What is expected
Look through the data below and output, unchanged, every line from the one holding "Walk into the" through the one holding "मैं अपने आपको", inclusive. Skip the pictures.
──────── Recorded information
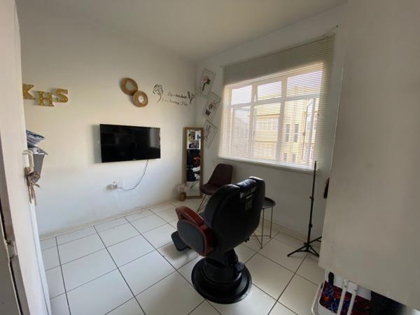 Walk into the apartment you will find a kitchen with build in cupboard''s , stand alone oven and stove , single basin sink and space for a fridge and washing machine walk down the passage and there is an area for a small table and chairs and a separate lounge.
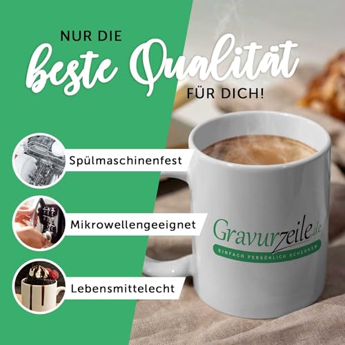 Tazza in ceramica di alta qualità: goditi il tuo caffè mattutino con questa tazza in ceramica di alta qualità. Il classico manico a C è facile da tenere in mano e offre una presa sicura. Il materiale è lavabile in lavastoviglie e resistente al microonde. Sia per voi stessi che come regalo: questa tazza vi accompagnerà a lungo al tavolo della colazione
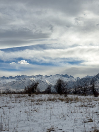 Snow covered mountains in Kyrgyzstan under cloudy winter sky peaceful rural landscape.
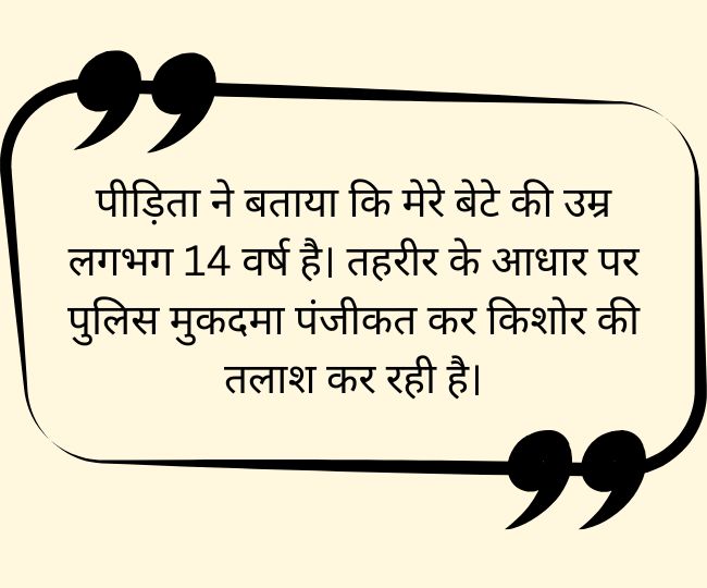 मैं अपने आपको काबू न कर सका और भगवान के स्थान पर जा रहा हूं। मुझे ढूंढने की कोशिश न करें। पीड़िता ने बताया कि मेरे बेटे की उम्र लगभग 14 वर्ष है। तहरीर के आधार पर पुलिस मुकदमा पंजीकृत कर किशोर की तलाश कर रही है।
────────────────
──────── Recorded information
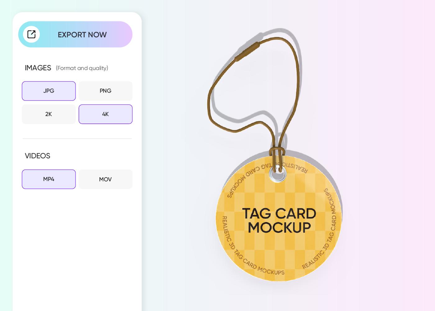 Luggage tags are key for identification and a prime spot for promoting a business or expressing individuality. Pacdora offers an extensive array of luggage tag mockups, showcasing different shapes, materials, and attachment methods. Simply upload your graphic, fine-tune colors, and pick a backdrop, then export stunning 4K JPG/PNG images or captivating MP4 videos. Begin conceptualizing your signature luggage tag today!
────────────────
Solution for this problem
 Walk into the apartment you will find a kitchen with build in cupboard''s , stand alone oven and stove , single basin sink and space for a fridge and washing machine walk down the passage and there is an area for a small table and chairs and a separate lounge.
 Tazza in ceramica di alta qualità: goditi il tuo caffè mattutino con questa tazza in ceramica di alta qualità. Il classico manico a C è facile da tenere in mano e offre una presa sicura. Il materiale è lavabile in lavastoviglie e resistente al microonde. Sia per voi stessi che come regalo: questa tazza vi accompagnerà a lungo al tavolo della colazione
 Snow covered mountains in Kyrgyzstan under cloudy winter sky peaceful rural landscape.
 मैं अपने आपको काबू न कर सका और भगवान के स्थान पर जा रहा हूं। मुझे ढूंढने की कोशिश न करें। पीड़िता ने बताया कि मेरे बेटे की उम्र लगभग 14 वर्ष है। तहरीर के आधार पर पुलिस मुकदमा पंजीकृत कर किशोर की तलाश कर रही है।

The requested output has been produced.